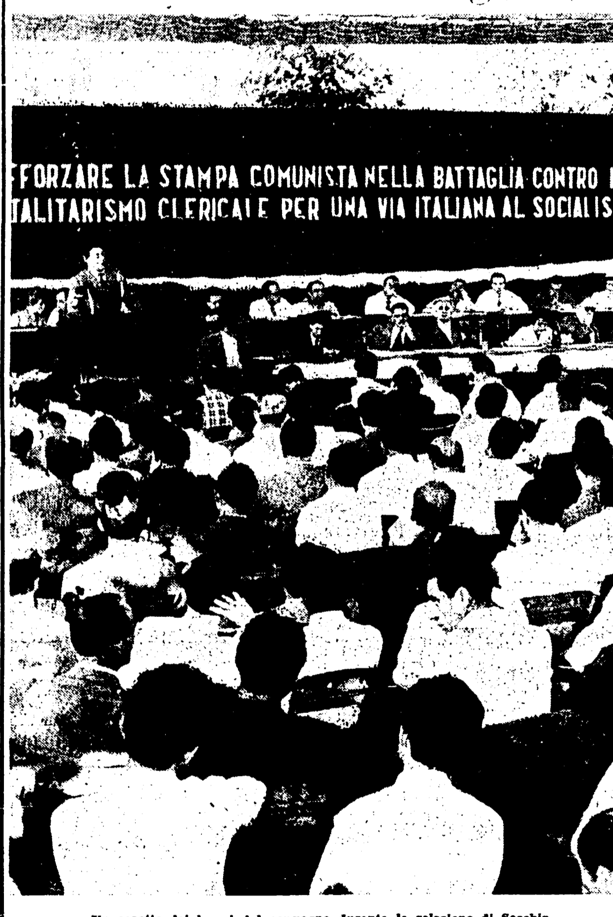
Un aspetto dei lavori del convegno durante la relazione di Secchia
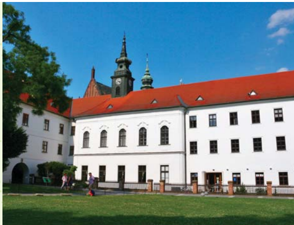
Augustiniánský klášter na Starém Brně
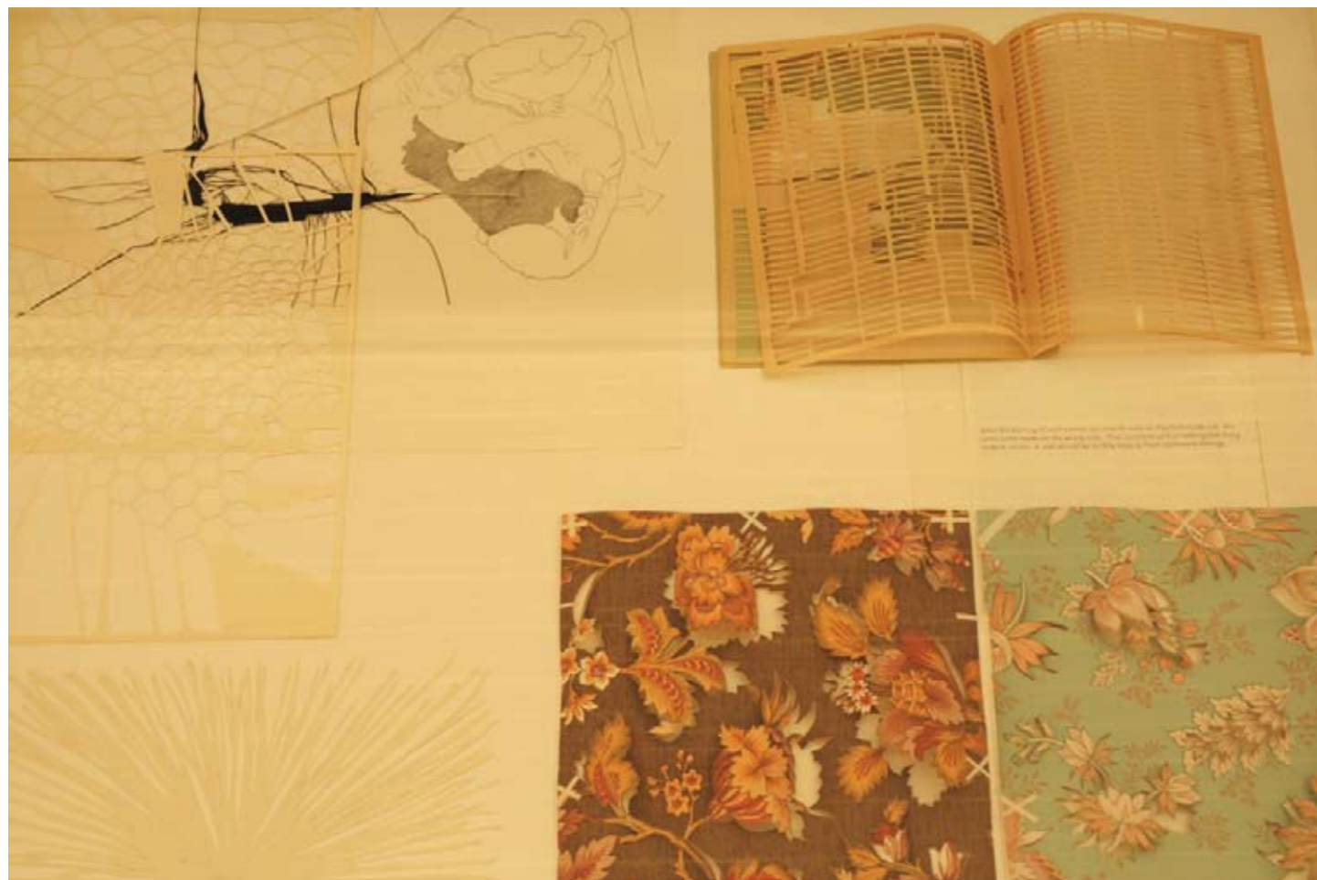
Vue list detail vitri
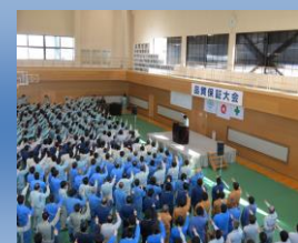
品質保証大会の様子
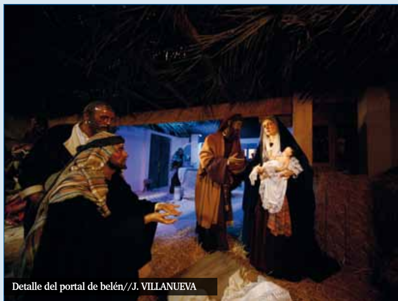
Detalle del portal de belén
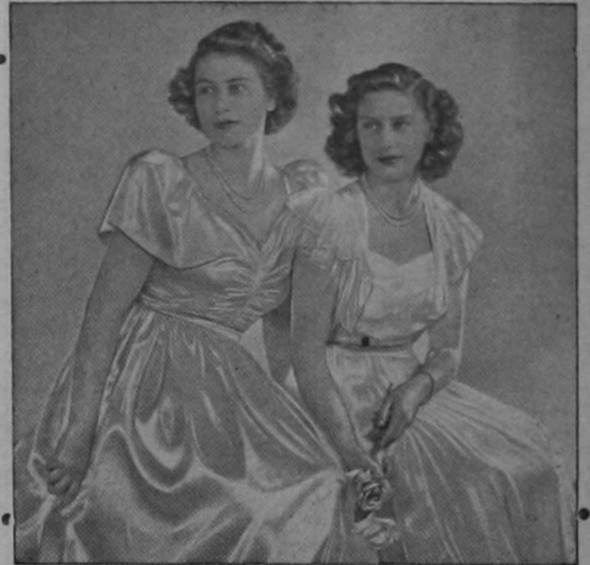
LA PRINCESA EN EL HOGAR

Sencilla, comprensiva, enérgica, tenaz, de buen humor y amable, tiene la princesa las cualidades de que participan también miles de jóvenes

───

EXERCISE BRIEF: Only the lines from the one that contains "Augustiniánský klášter na Starém Brně" to the end of the records, inclusive, are to be quoted exactly, with pictures excluded.

WRITTEN ANSWER:
Augustiniánský klášter na Starém Brně
Vue list detail vitri
品質保証大会の様子
Detalle del portal de belén
LA PRINCESA EN EL HOGAR

Sencilla, comprensiva, enérgica, tenaz, de buen humor y amable, tiene la princesa las cualidades de que participan también miles de jóvenes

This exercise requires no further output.